15 Dieses Phänomen zeigt sich auch bei den entsprechenden Untersuchungen zu Bioprodukten und dem Abgleich der Absatzzahlen von Produkten aus alternativen Produktionsformen (vgl. RICHTER 2001).

wie auch der Ernährungswirtschaft, einer signalisierten Kaufabsicht und dem tatsächlichen Kauf beruhen auf unterschiedlichen Faktoren. Zu diesen Faktoren gehören unter anderem die realen Preisunterschiede zwischen den Lebensmitteln unterschiedlicher Herkunft, die Marktnähe und der Service beim Lebensmitteleinkauf, bestehende Wissens- und Vertrauensdefiziten, eine unzureichende Markttransparenz und eine fehlende Übersichtlichkeit in den verwendeten Marken-, Verbands-, Regional- und Herkunftszeichen.

Dagegen hat die Untersuchung von LEITOW/JADER 2004 die oft zitierte Diskrepanz zwischen Einstellungen und tatsächlich nachweisbarem Kaufverhalten nicht umfänglich bestätigt.

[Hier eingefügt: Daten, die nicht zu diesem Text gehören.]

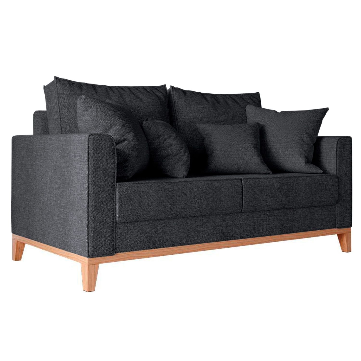 Sofá Beny 2 Lugares com Base de Madeira Linho Grafite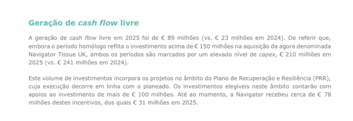 Em 2025 o preço da pasta e do papel caiu 15% e do papel de escritório caiu 9%. Resumidamente, isto explica a queda dos lucros. Nada de estrutural, apenas conjuntural, a quebra do preço da matéria prima. Mas a Navigator aproveitou para ganhar cota de mercado. Um ponto cinco pontos percentuais. Continua a diversificar, Tissue e de Packaging já contribuíram com 29% das Vendas, com uma nova máquina tissue que vai aumentar as margens e provavelmente a produção. E há a entrada em novos negócios nomeadamente, pratos e tigelas de fibra.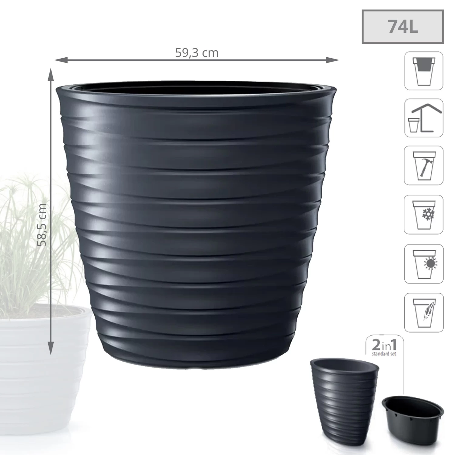 Set 2 en 1: macetero que incluye un depósito interior adaptado que reduce la cantidad de tierra necesaria.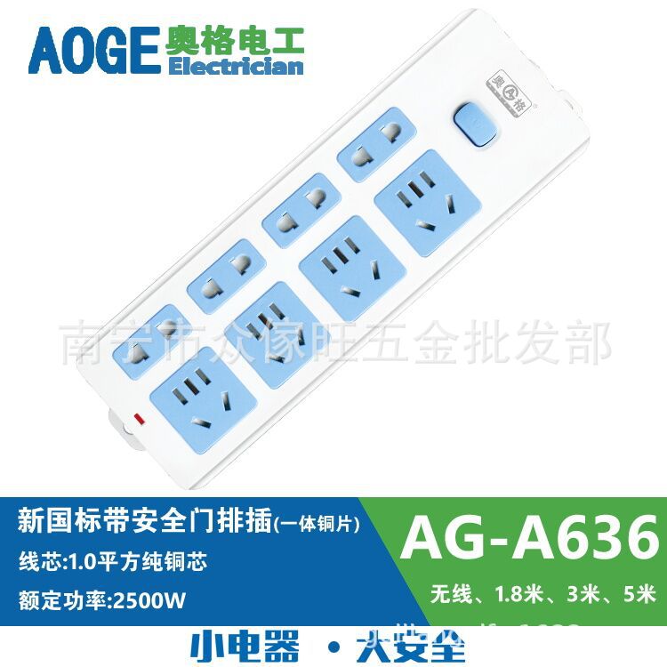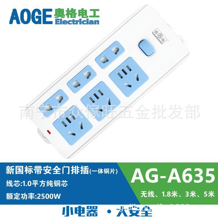 奥格a 634 20穴1.8メートル3メートル5メートルスイッチ付き電源コンセント接続板銅線コンセント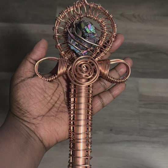 Experience the magic of daily cleansing rituals with our 8-10 inch Mini Ankh Sage Holder! Designed for effortless use, this beautifully weighted wand empowers you to ground your intentions and enhance your spiritual practice. Elevate your workspace and embrace the transformative energy it brings to your life! Each on is unique and each stone looks differently please allow 2 weeks for delivery as volume is high.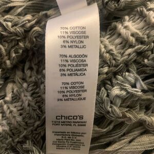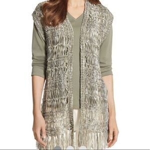 Chico’s Fearless Fringe Lely Vest. We love a long vest with artistic style. The macrame crafting is fabulous with a fringe finish. 65% acrylic / 35% nylon. Hand-created. Perfect condition. Size 00 (Chico’s XS). Length approx 29”. Olive/tan in color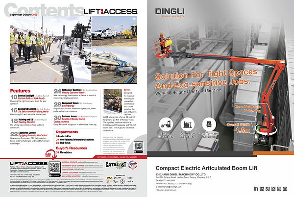 Lift and Access is published seven times per year in January-February, March-April, May-June, July-August, September-October, October( Annual Equipment Guide), and November-December by Catalyst Construction Division, 1207 Central Ave, FL 2, Fort Dodge, IA 50501, Phone 800-247-2000. Subscription: Lift and Access is mailed free to major users of lifting equipment in the United States and Canada. POSTMASTER: Please send address changes to Catalyst Construction Division, 1207 Central Ave, FL 2, Fort Dodge, IA 50501.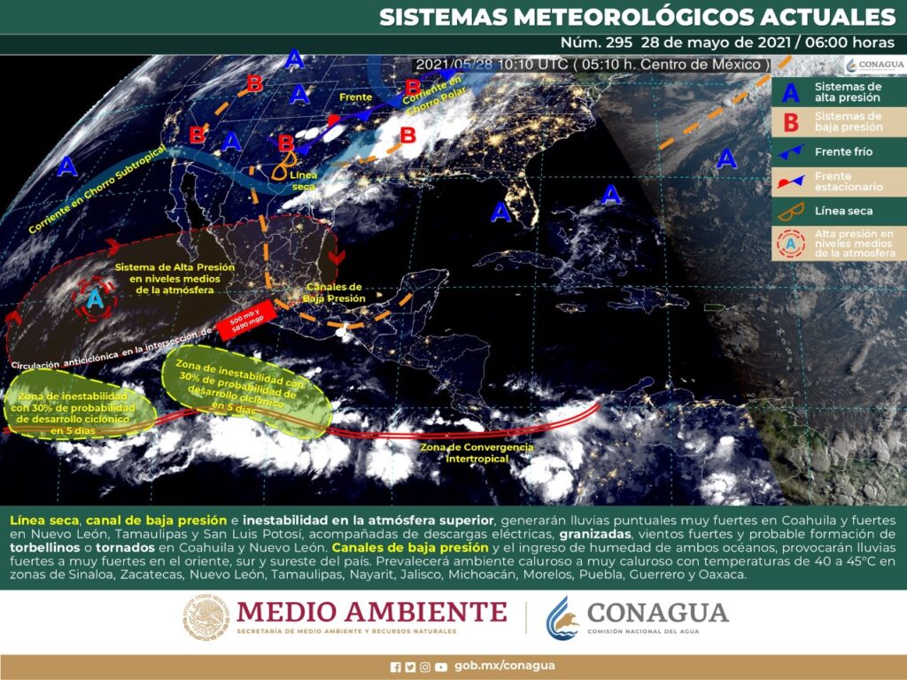 El domingo prevalecerán condiciones inestables, con cielo medio nublado a nublado, principalmente por la tarde y noche, así como potencial para la generación de tormentas dispersas y lluvias de 5.1 a 25 mm, con puntuales superiores en la porción sur del estado.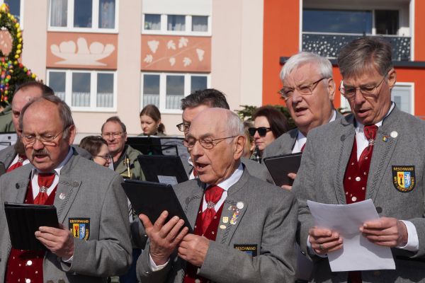 | Der Gesangverein Gemütlichkeit Geschwand nach dem Ostergottesdienst 2026 am Osterbrunnen in Geschwand |

Auch weitere Studien haben gezeigt, dass diese Widersprüchlichkeit zwischen Einstellung und Kaufverhalten nicht allgemeingültig bestätigt werden muss, da innerhalb eines preispolitischen Rahmens der Produkte neben dem Preis weitere kaufbeeinflussende Faktoren entscheidend werden können (vgl. ENGELAGE 2002, MEYER 2003).

Vielen Analysen kann übereinstimmend entnommen werden, dass die in Befragungen erzielten Aussagen und Kaufabsichten nicht zwangsläufig in den tatsächlichen Kauf von Lebensmittel regionaler Herkunft münden. Wie bereits in Kap. 3.1 angeführt, lässt sich der tatsächliche Kauf von Lebensmitteln in vielen Fällen doch über die Höhe des Preises erklären (PILZECKER F. D. 1995, VANNOPPEN et al. 2001).